Collected material:
↓

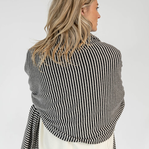 Sjaal Cosy Chic Stripes Sjaals. Cosy staat voor zacht en warm en dat is deze sjaal dan ook precies. De sjaal is zacht door dat beetje cashmere en warm door de merino wol. Een heerlijke comfortabele sjaal die verslavend lekker is en door het grote formaat ook fijn als omslagdoek te dragen is. Deze sjaal valt als een chique sjaal die perfect gaat naar een zakelijke meeting, een diner, maar is ook een uitkomst op de bank en achter je PC. Deze sjaal is zowel in het voor- en najaar als in de winter een topsjaal. Daarbij is de sjaal heerlijk ruim van formaat.
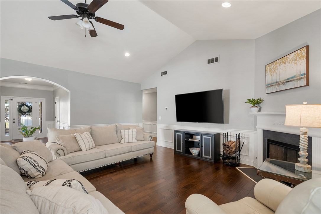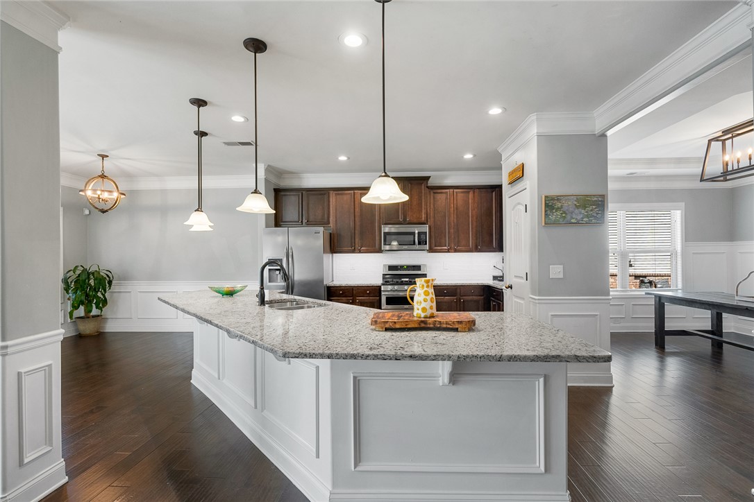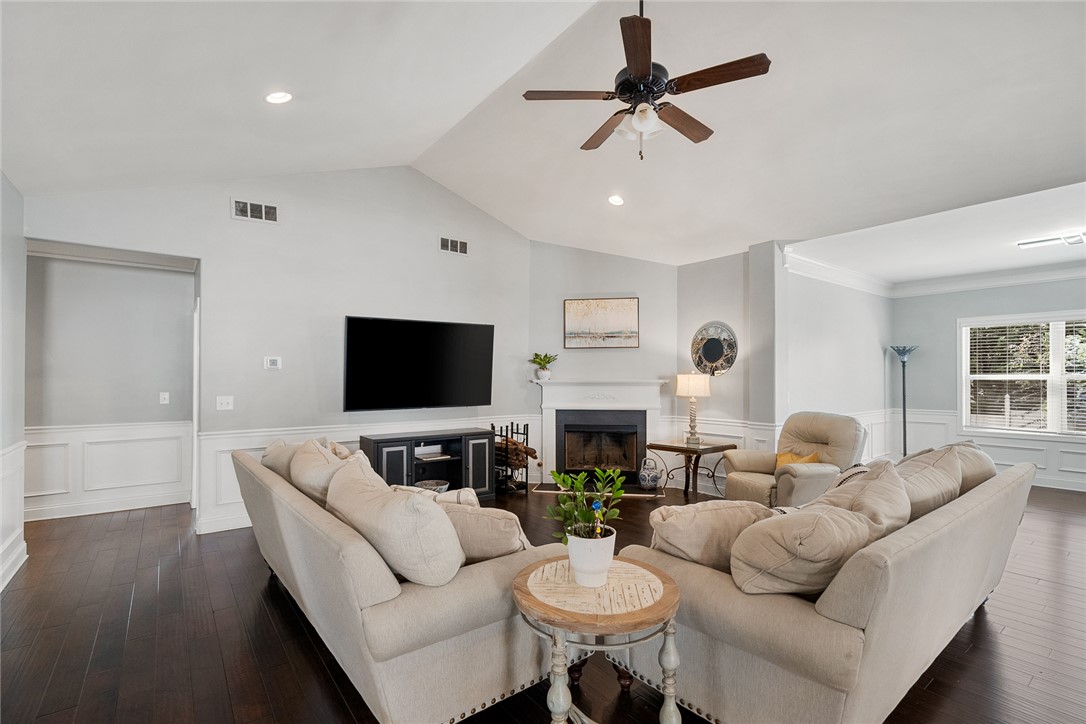 Welcome to this beautifully designed home in the desirable Mystic Vineyards Subdivision, centrally located to shopping, dining, hospitals, and top-rated schools. This spacious 3,500 square foot, 4-bedroom, 3.5-bathroom home offers a thoughtful layout ideal for both everyday living and entertaining. Step inside to an open-concept living area that seamlessly connects the living room, additional family space, and breakfast area. The heart of the home is the chef-inspired kitchen featuring granite countertops, a massive center island, stainless-steel appliances, and a layout that opens directly to the living room - perfect for hosting gatherings or enjoying family time. A separate formal dining room provides built-in storage and additional counter space, making it ideal for entertaining. The main-floor primary retreat offers privacy and comfort with a spacious sitting area and cozy gas fireplace. The luxurious en-suite bathroom includes a large garden tub, separate step-in shower, dual separated vanities, and a generous walk-in closet with plenty of storage. Two additional bedrooms are also located on the main level, each with ample closet space and convenient access to a full hallway bathroom. Upstairs, you'll find a versatile bonus room along with a private fourth bedroom suite featuring a large walk-in closet and full bathroom - perfect for guests, a home office, or multi-generational living. Enjoy outdoor living in the screened-in back porch, overlooking a low-maintenance yard with additional concrete patio space ideal for relaxing or entertaining. This home offers the perfect combination of space, functionality, and location - a must-see opportunity.
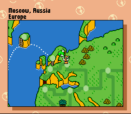 | 第三项是耀西的位置(GLOBULATOR,如图三),将耀西移动到路易吉的所在位置时,路易吉就会骑上耀西,如此才能进蓝色水管回到城堡.第四项是城市地图(CITY
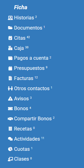 Además, desde este menú tendremos acceso a las distintas secciones de la ficha de nuestro contacto:

↑

Exercise objective: The expected output is the material above, repeated exactly and free of pictures.

Output of the exercise:
 Sjaal Cosy Chic Stripes Sjaals. Cosy staat voor zacht en warm en dat is deze sjaal dan ook precies. De sjaal is zacht door dat beetje cashmere en warm door de merino wol. Een heerlijke comfortabele sjaal die verslavend lekker is en door het grote formaat ook fijn als omslagdoek te dragen is. Deze sjaal valt als een chique sjaal die perfect gaat naar een zakelijke meeting, een diner, maar is ook een uitkomst op de bank en achter je PC. Deze sjaal is zowel in het voor- en najaar als in de winter een topsjaal. Daarbij is de sjaal heerlijk ruim van formaat.
 Welcome to this beautifully designed home in the desirable Mystic Vineyards Subdivision, centrally located to shopping, dining, hospitals, and top-rated schools. This spacious 3,500 square foot, 4-bedroom, 3.5-bathroom home offers a thoughtful layout ideal for both everyday living and entertaining. Step inside to an open-concept living area that seamlessly connects the living room, additional family space, and breakfast area. The heart of the home is the chef-inspired kitchen featuring granite countertops, a massive center island, stainless-steel appliances, and a layout that opens directly to the living room - perfect for hosting gatherings or enjoying family time. A separate formal dining room provides built-in storage and additional counter space, making it ideal for entertaining. The main-floor primary retreat offers privacy and comfort with a spacious sitting area and cozy gas fireplace. The luxurious en-suite bathroom includes a large garden tub, separate step-in shower, dual separated vanities, and a generous walk-in closet with plenty of storage. Two additional bedrooms are also located on the main level, each with ample closet space and convenient access to a full hallway bathroom. Upstairs, you'll find a versatile bonus room along with a private fourth bedroom suite featuring a large walk-in closet and full bathroom - perfect for guests, a home office, or multi-generational living. Enjoy outdoor living in the screened-in back porch, overlooking a low-maintenance yard with additional concrete patio space ideal for relaxing or entertaining. This home offers the perfect combination of space, functionality, and location - a must-see opportunity.
 | 第三项是耀西的位置(GLOBULATOR,如图三),将耀西移动到路易吉的所在位置时,路易吉就会骑上耀西,如此才能进蓝色水管回到城堡.第四项是城市地图(CITY
 Además, desde este menú tendremos acceso a las distintas secciones de la ficha de nuestro contacto:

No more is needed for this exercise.